# How can I remove dog fur from the insides of my shoes?



## Wilson94 (Apr 28, 2014)

Long story short - I've been incredibly lazy when it comes to hoovering my flat (wooden floors) and all my socks always have tons of dog hair on them. (My dog is a staffy and seems to shed like there's no tomorrow) Hence, my shoes have collected a large amount of fur inside them. In fact, I wouldn't be surprised if there's some fleas breeding in there.

The fur is stuck to the insoles and the fabric of the sides of the shoe, and I can't think of an easy way to get it all out. Any ideas?

My new year's resolution is too hoover at least once every two days, so hopefully I can prevent this happening in the future, but I'm looking for a way to sort out the current shoes. Or are they too far gone?


----------



## Kathyy (Jun 15, 2008)

I do the same thing. Disgusting looking but still I walk around with socks.

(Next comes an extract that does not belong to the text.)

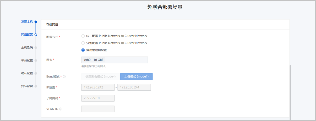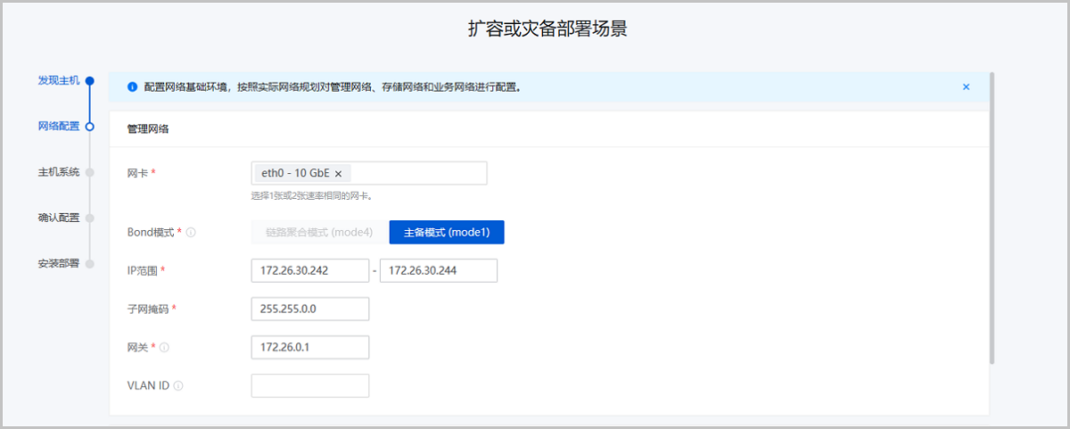 配置网络基础环境,按照实际网络规划对管理网络、存储网络、业务网络和BMC网络进行配置。

I never do but take out the insoles and brush them. A rubber glove like the ones doctors use will gather fur up nicely and use it to pick up the clumps gathered. I do this on the slipcovered sofa so I don't have to take off the slipcover all the time and it works wonders. Probably ought to try this on MY shoes as well......


----------



## hanksimon (Mar 18, 2009)

A similar method is to wrap your hand with duct tape or masking tape, sticky side out to use as a lint remover. Then, rub the inside of the show with your hand. You can also rub your socks with this. When the tape is less sticky, wrap more on.


----------